Le vélo est le nouveau romantisme (Ep. 12)
Mystère et boules de gommes
NDLR : source de l’étude d’où est tiré ce graphique (Etude)
L’automne nous est tombé dessus d’un seul coup. Cet été se présentait comme une éternité. Fin octobre, pour mener nos vélocipèdes, les bras et les jambes nues ont parfaitleurs bronzages. La nuit déjà tombée nous profitions de la douceur du vent qui caresse le poil. Jusqu’à ce matin, où subitement le climat reprit le cours plus normal de nos saisons. Vingt degrés de moins, les feuilles se détachent rapidement, et la pluie vient rapidement les couvrir sans nous prévenir.
Nos bandes et pistes cyclables ne sont plus visibles, leur nettoyage n’est programmé qu’après celui des voies pour sainte bagnole. Certes, les feuilles sont biodégradables, mais avant de disparaître totalement, une bouillie grasse colle aux revêtements qui se complaît à tout bien retenir. L’heure d’hiver nous assène son coup de massue au moral, et nous voilà, à rentrer du boulot dans la nuit, la bruine, et la mélasse.

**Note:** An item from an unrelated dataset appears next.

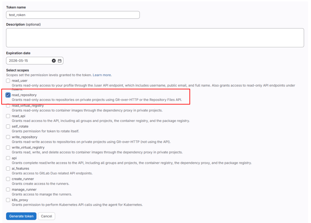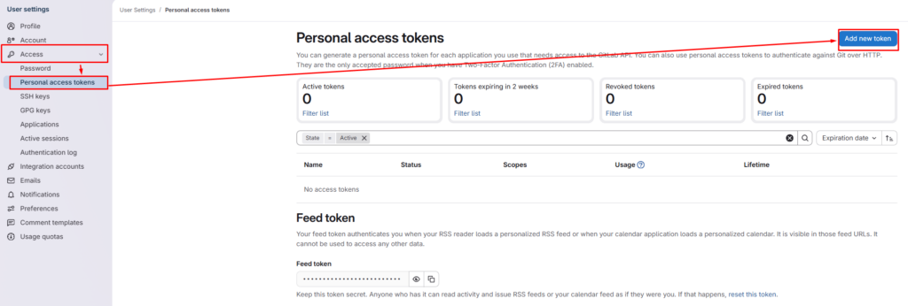 Готово! У нас есть готовый репозиторий и плейбук. Теперь нам надо настроить персональный токен доступа (PAT). Переходим в свой профиль gitlab и идем в Профиль — Edit profile — Access — Personal access tokens — add new token.
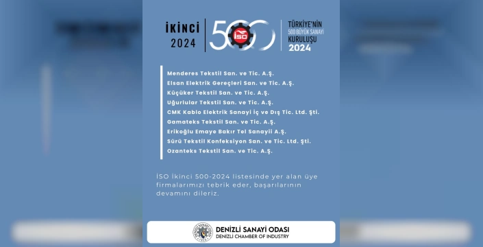 İstanbul Sanayi Odası (İSO), Mayıs ayında açıkladığı 'İSO Türkiye’nin 500 Büyük Sanayi Kuruluşu-2024' araştırmasının ardından, 'İSO İkinci 500' araştırmasının sonuçlarını açıkladı. Listede, bu yıl Denizli’den 9 firma yer aldı. Tekstil-konfeksiyon sektörü 6 firma ile kendine yer bulurken, kablo-bakır tel sektörü 3 firma ile listede öne çıktı.

Au delà du moral un peu atteint, on sent bien qu’on avance moins vite, que nos engins ont du mal à voler autrement qu’à vue, que l’effort produit se disperse ailleurs que dans le mouvement. C’est insidieux, pas immédiatement perceptible, puisqu’il faut se concentrer avec la pénombre et l’eau qui tombe.
On manque même de tomber, et la roue avant qui se dérobe, nous réchauffe comme une explosion nucléaire avec sa décharge d’adrénaline. On avait oublié qu’il faut fortement délester l’avant quand on prend un bateau de biais. Et l’adhérence devenue précaire nous rappelle à la physique. La roue ne passe pas, reste guidée comme dans un rail, alors que le corps pense avoir déjà passé l’obstacle. On se rattrape, on se retrouve à pied, sentant bien que les choses ont changé.

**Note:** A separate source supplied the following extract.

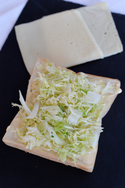 キャベツの千切りに軽く塩をして、食パンの上にたっぷりとのせる。

A l’arrêt, ou presque, en tournant à quatre-vingt-dix degrés sur ce trottoir qui se prétend également la piste cyclable du simple fait d’un logo peinturluré, l’avant part encore, raccroche, l’émotion se mélange et ne se vit que rétrospectivement. Le rythme est extrêmement lent pendant les quelques centaines de mètres qui succèdent à la presque cabriole.

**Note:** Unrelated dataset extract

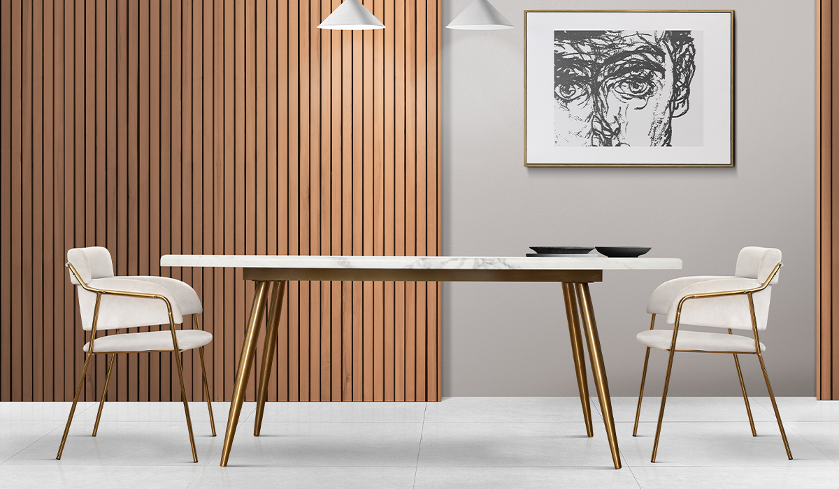 Сучасна столова Intercerama Superwhite пропонує простоту та комфорт домашніх умов. Підлога білого кольору створює елегантну атмосферу простору завдяки керамограніту Intercerama Superwhite 19061 Rec 60*60 см без плінтусного обрамлення. Декоративна акустична панель АП-000 DAC01 дуб кардинал покращує якість звуку в кімнаті та творить вдалу композицію з частиною стіни сірого кольору, де використана фарба гумова універсальна Bayris Multi Flexible Paint Ral 7046 та розміщена картина. Стіл та стільці білого кольору з золотим обрамленням в центрі приміщення акцентують на основній функції столової. Два світильники підвісних Vio Concept AtVC VCDS-MD76652-1 забезпечують добре освітлення простору. Чудовим доповненням сучасного інтер’єру стане тарілка супова Limited Edition Mekkano ZH-7015-5 20 см.

Et l’on se dit que l’hiver va être bien long, quand un reliquat d’été, comme un solde de congés oubliés dans un coin, se rappelle à notre souvenir. La température regrimpe à des hauteurs indécentes pour l’époque, le sol est enfin lavé, le ciel redevient bleu un instant. Il y a un hystérésis entre la météo et nos sensations, car avant tout on profite : d’y voir un peu plus clair, d’ôter nos couches protectrices encore un moment, de se reparler sur les pistes.
Les plus attentifs rinceront leur vélo, profiteront de cette trêve pour refaire un contrôle de l’engin. L’envie nous a quittés avec l’arrivée du soir à la nuit. Un coup de gras sur la chaîne, après l’avoir chiffonnée, un coup de pompe dans les chambres, et insuffler le demi bar manquant.
Bref, on se réjouit de l’accalmie, on re-jouit du meilleur.
Et puis on s’introspecte à nouveau, et l’on ressent à nouveau l’accroche de nos gommes. La température plus clémente les a assouplies, et la calorie digérée par le quadriceps se transmet à la cheville, la pédale, la manivelle, le pédalier, la chaîne, la cassette, le moyeu, les rayons, la jante, et enfin au pneu. Elle arrive entière à la propulsion, sans perte ou si peu. On retrouve cette magie enfantine de l’efficacité incroyable du vélo sur tous les autres moyens de déplacement.
On expérimente chaque jour, le génie de ceux qui conçoivent nos pneus. Réalisant l’improbable compromis. Comme pour tous nos composants, des castes existent. D’aucuns ne jurent que par les Chevalbé. Jusqu’à provoquer la raillerie des autres au point d’avoir un compte twitter de ralliement.
Au fond peu importe tant que l’ivresse nous regagne.
La pluie est revenue, le gras aussi, et l’on rêve déjà à la fin du printemps, quand on recommencera à rouler léger, à ricaner à ceux qui s’interrogent sur notre constance sous la pluie. Attendez donc de voir la neige quand tout sera bloqué, leur rétorque-t-on.
A mes congénères, j’aurais voulu dire : Attention, ça glisse au pays des merveilles, mais sans le contexte c’eut été un terrain glissant,et je les ai laissés filer, n’essayant même pas de les attraper.